---------- MATERIAL SUPPLIED

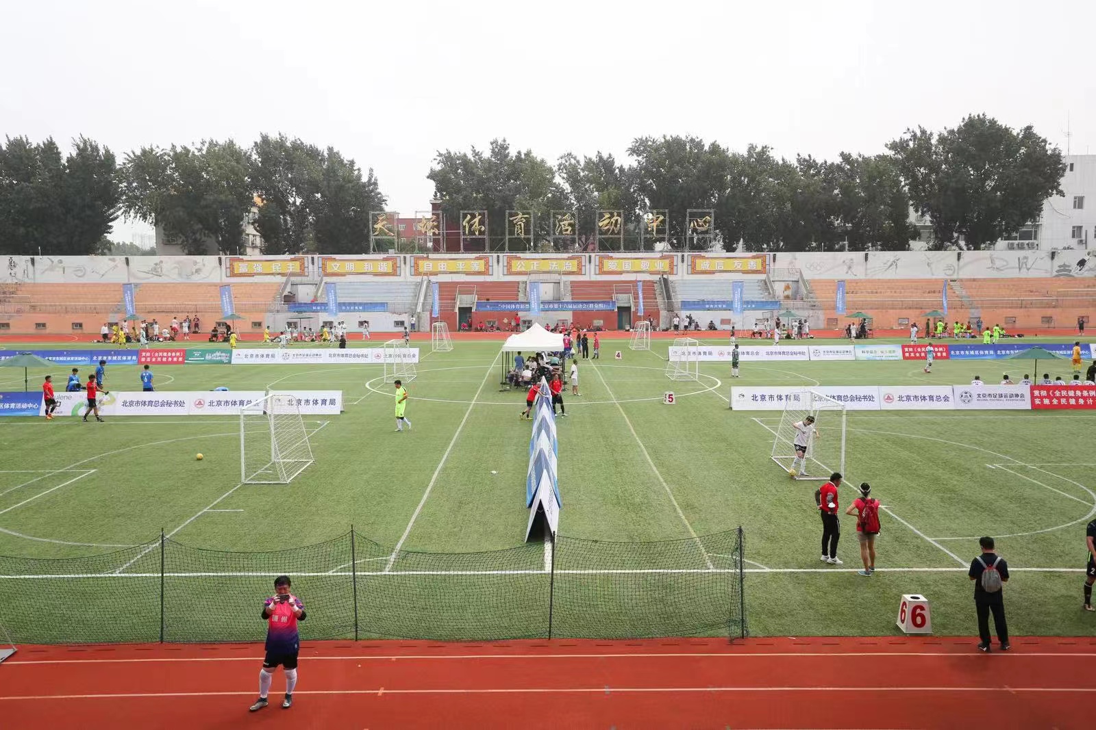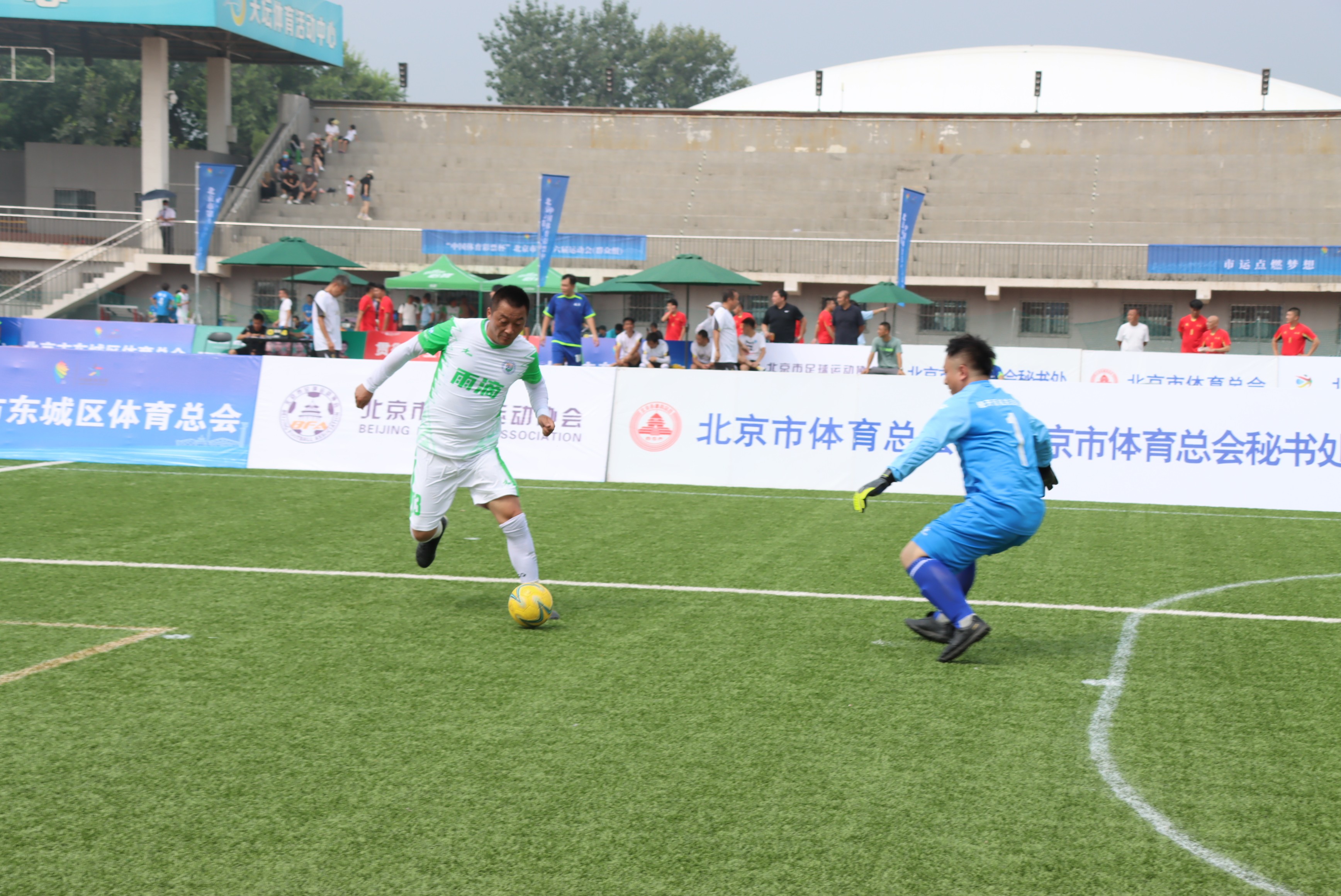 8月13日,由北京市人民政府主办,北京市体育局、北京市体育总会、北京市教育委员会联合承办,北京市体育总会秘书处、北京市东城区体育局、北京市足球运动协会、北京市东城区体育总会、北京市东城区体育活动中心协办的北京市第十六届运动会足球比赛(群众组)在天坛体育活动中心开赛。
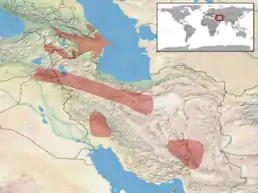 Мешкає у Болгарії, східній Туреччини, Ірані, Ірак, південно—східній Грузії, південній Вірменії, Азербайджані, передгір'я Дагестану (Росія), Лівані.
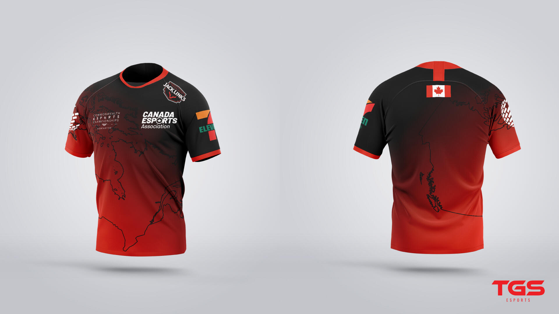 The definitive Canadian Jersey representing Team Canada at the 2022 Commonwealth Esports Championships: featuring the best international talent in Fifa, Rocket Leauge and Dota 2. Representing Canada in Birmingham, presented by Canadian Esports Assocation and TGS Esports, is the Open Team and the Women’s Team for Rocket League. A red to black gradient to create an esports visual that invites the traditional Canadian red. Across the jersey: the map in Canada as an all encompassing emblem of an expansive, diverse country and its collective commitment to performing on the world stage. Upon the presenting sponsor and partner logos: a Canadian flag resting at the nape of the neck as a point of unison and pride in chasing the gradient throughout the jersey.Canada in Birmingham would solidify its presence as a pleasantly fierce force with the Women’s Rocket League team making it to the big stage for Day 2.Go Team Canada!watch here
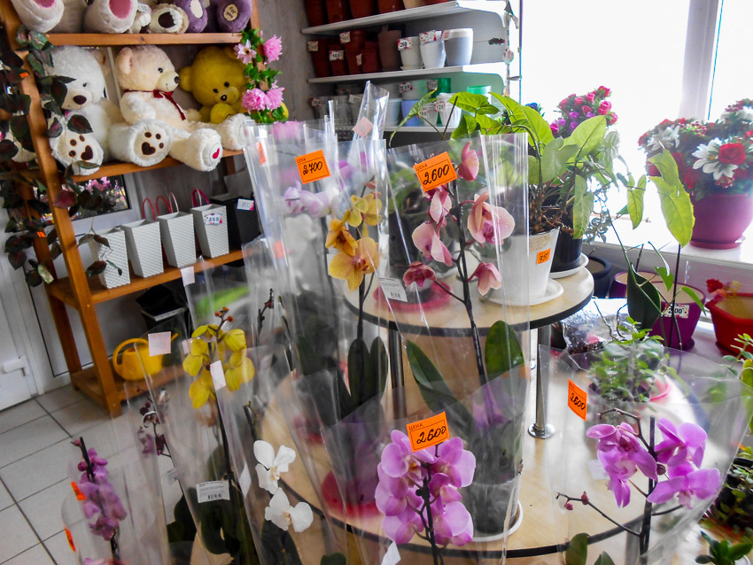 Розы, орхидеи, герберы, хризантемы, ранункулюсы, фрезии, эустомы, тюльпаны предлагаются и в павильонах, и в киосках, и в магазинах. Благоухание зашкаливает - сейчас цветы еще нетронуто свежи.
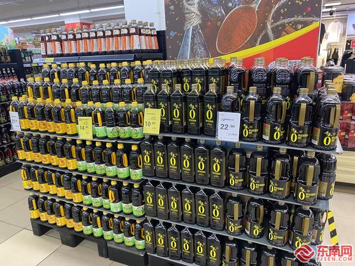 值得注意的是,近日千禾味业旗下“千禾0”酱油产品因媒体送检事件备受关注。福州市场上,千禾产品销售广泛。在永辉超市西门店,千禾的生抽酱油摆满了货架,包装上除了“0”字外,还写有零添加酱油的字样。朴朴超市APP上搜索“千禾”,会出现多款不同包装和规格的千禾生鲜酱油。产品商标上“0”字醒目,商品介绍中含有“零添加”“0添加防腐剂”等表述,宣称不使用味精、色素、防腐剂等。部分旧包装瓶身的“0”字里,还直接写着“零添加”。
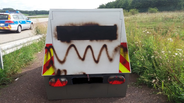 Ein aufmerksamer Verkehrsteilnehmer meldete am Sonntagmorgen, 20.08.2017, dass die mobile Geschwindigkeits-Messanlage (Enforcement-Trailer) an der L700 zwischen Hornbach und dem Flugplatz Zweibrücken mit Farbe beschmiert wurde. Die Verkleidung des auch so genannten Blitzer-Anhängers, das Kennzeichenschild, die beiden Rückleuchten sowie die Scheibe der Messeinrichtung wurden mit brauner Farbe besprüht. Somit war die Messanlage nicht mehr funktionsfähig. Die Ermittlungen dauern an.
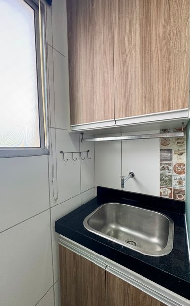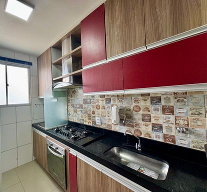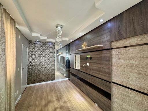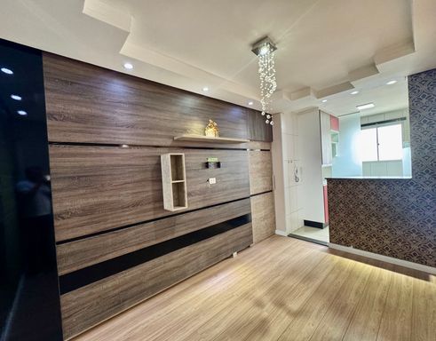 Apartamento com 47,00metros, sendo 02 dormitórios, banheiro social, sala de TV, sala de jantar, cozinha com lavanderia e garagem 01 carro.
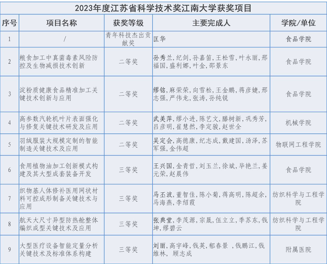 11月7日,全省科技大会暨全省科学技术奖励大会在南京召开。我校匡华教授荣获2023年度江苏省青年科技杰出贡献奖,为我校首次获得该类别奖项。8项江南大学作为第一完成单位的成果喜获2023年度江苏省科学技术奖,其中二等奖4项,三等奖4项。
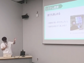 プロジェクションマッピングを用いた仮想的なメイクの独創性や、オープンキャンパスで子供から大人まで様々な方が利用した意見をシステムに反映したことが評価され、優秀賞に選ばれました。
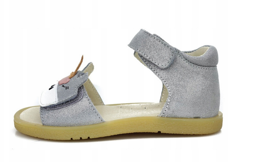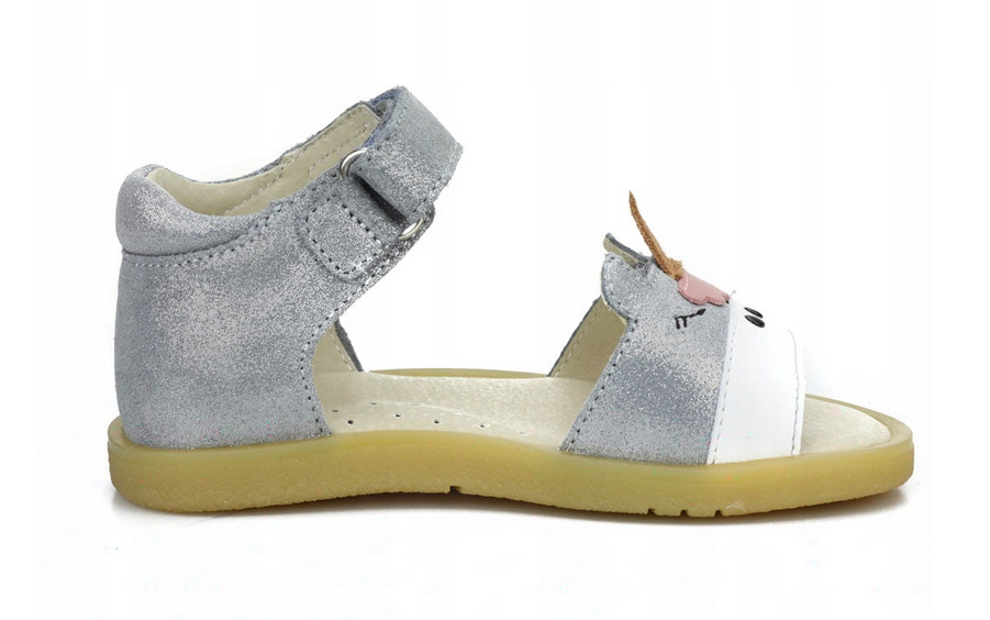 Przepiękne sandałki polskiego producenta obuwia dla dzieci Mido. Buty dla dziewczynek z unikatowym wzorem jednorożca w kolorze szarym z połyskiem. W całości wykonane ze skóry naturalnej. Buciki mają usztywniony zapiętek, który stabilizuje piętę. Jednocześnie przestrzeń palcowa pozostawia sporo miejsca na swobodne ruchy palcami malucha, a cała podeszwa jest bardzo elastyczna. Sandałki zapinane są na rzepy, co ułatwia dopasowanie buta do nóżki dziecka.
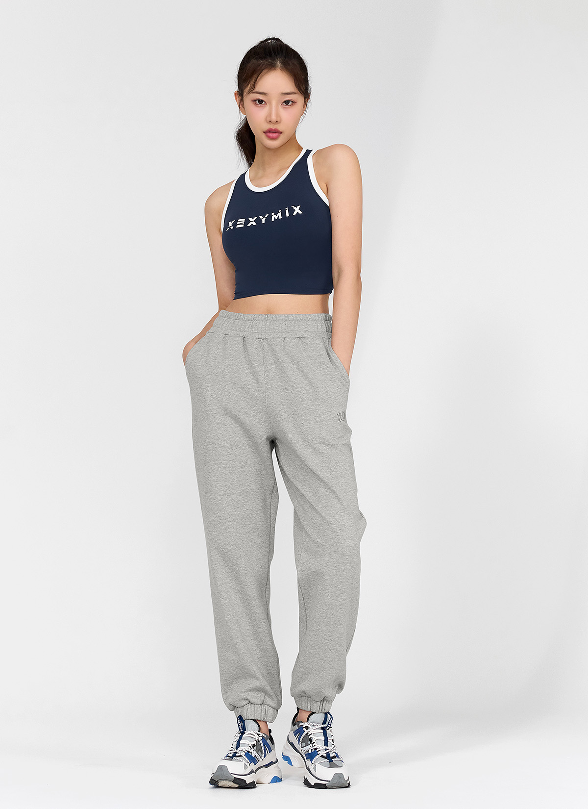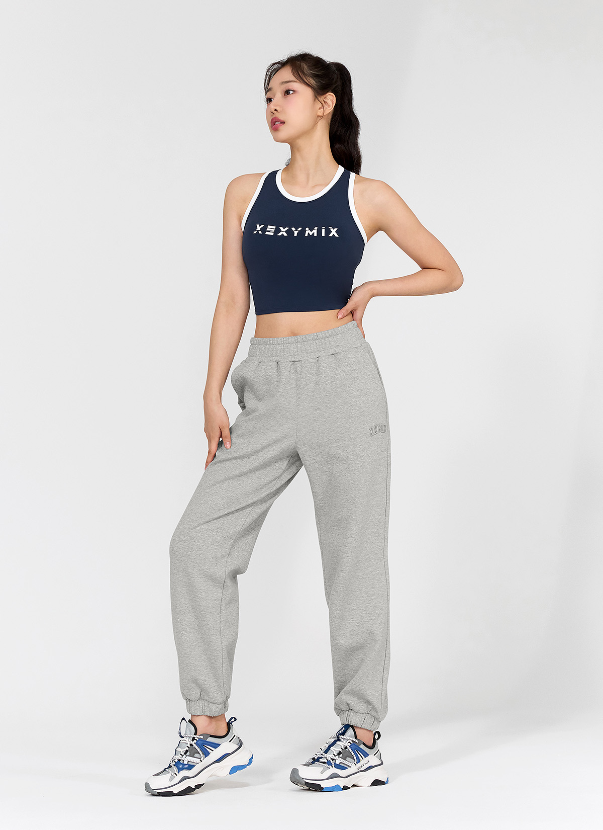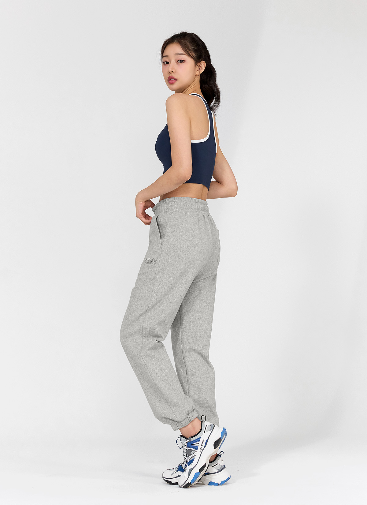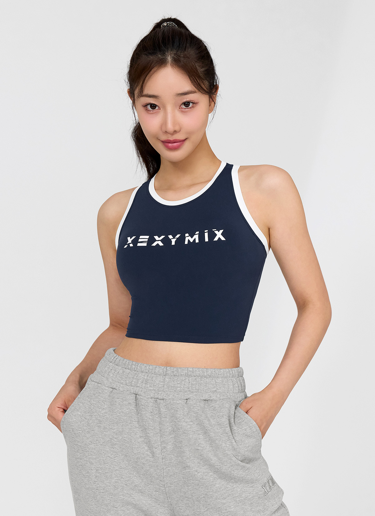 패드 내장 브라탑 하나로 운동복 고민 끝! 피오니네이비
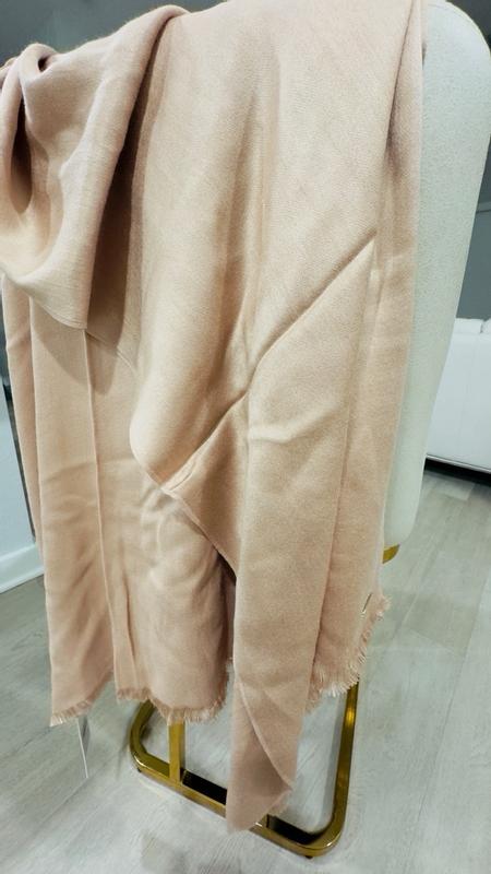 This wrap is the perfect wardrobe staple. It’s neutral gold color has a glimmering effect, and is as soft as cashmere.
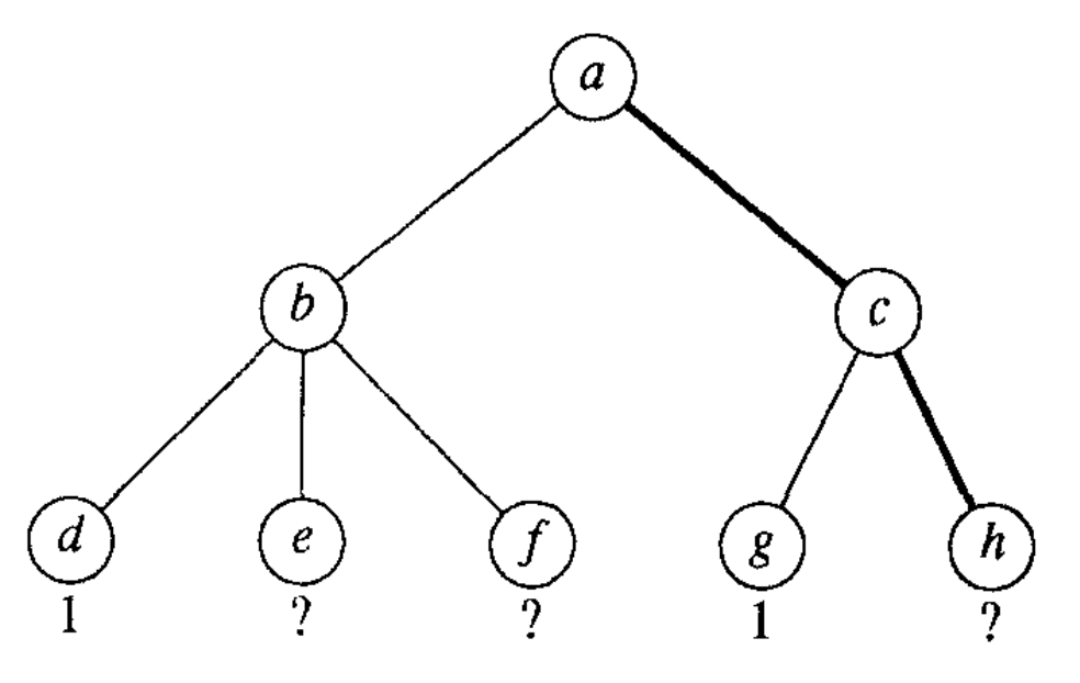 h ist der vielversprechendste Knoten, denn sollte sich h als Gewinnposition für Weiß erweisen, hätte Weiß von Position a aus eine sicher zum Sieg führende Zugmöglichkeit und somit das Spiel gewonnen.
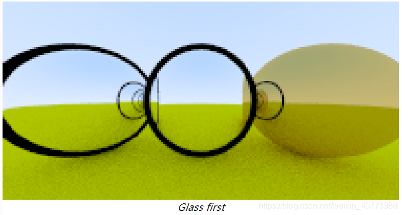 最难debug的部分是折射光线。作者先让所有的光线都变成折射光线,在这个项目中,作者尝试将两个玻璃球放在场景中(左边两个):

--------------------

## WORK TO BE COMPLETED
In the material above, one part opens with the line containing "еще нетронуто свежи." and closes with the line containing "プロジェクションマッピングを". Write out that part exactly and skip its pictures.

## ANSWER TO THIS TASK
 Розы, орхидеи, герберы, хризантемы, ранункулюсы, фрезии, эустомы, тюльпаны предлагаются и в павильонах, и в киосках, и в магазинах. Благоухание зашкаливает - сейчас цветы еще нетронуто свежи.
 值得注意的是,近日千禾味业旗下“千禾0”酱油产品因媒体送检事件备受关注。福州市场上,千禾产品销售广泛。在永辉超市西门店,千禾的生抽酱油摆满了货架,包装上除了“0”字外,还写有零添加酱油的字样。朴朴超市APP上搜索“千禾”,会出现多款不同包装和规格的千禾生鲜酱油。产品商标上“0”字醒目,商品介绍中含有“零添加”“0添加防腐剂”等表述,宣称不使用味精、色素、防腐剂等。部分旧包装瓶身的“0”字里,还直接写着“零添加”。
 Ein aufmerksamer Verkehrsteilnehmer meldete am Sonntagmorgen, 20.08.2017, dass die mobile Geschwindigkeits-Messanlage (Enforcement-Trailer) an der L700 zwischen Hornbach und dem Flugplatz Zweibrücken mit Farbe beschmiert wurde. Die Verkleidung des auch so genannten Blitzer-Anhängers, das Kennzeichenschild, die beiden Rückleuchten sowie die Scheibe der Messeinrichtung wurden mit brauner Farbe besprüht. Somit war die Messanlage nicht mehr funktionsfähig. Die Ermittlungen dauern an.
 Apartamento com 47,00metros, sendo 02 dormitórios, banheiro social, sala de TV, sala de jantar, cozinha com lavanderia e garagem 01 carro.
 11月7日,全省科技大会暨全省科学技术奖励大会在南京召开。我校匡华教授荣获2023年度江苏省青年科技杰出贡献奖,为我校首次获得该类别奖项。8项江南大学作为第一完成单位的成果喜获2023年度江苏省科学技术奖,其中二等奖4项,三等奖4项。
 プロジェクションマッピングを用いた仮想的なメイクの独創性や、オープンキャンパスで子供から大人まで様々な方が利用した意見をシステムに反映したことが評価され、優秀賞に選ばれました。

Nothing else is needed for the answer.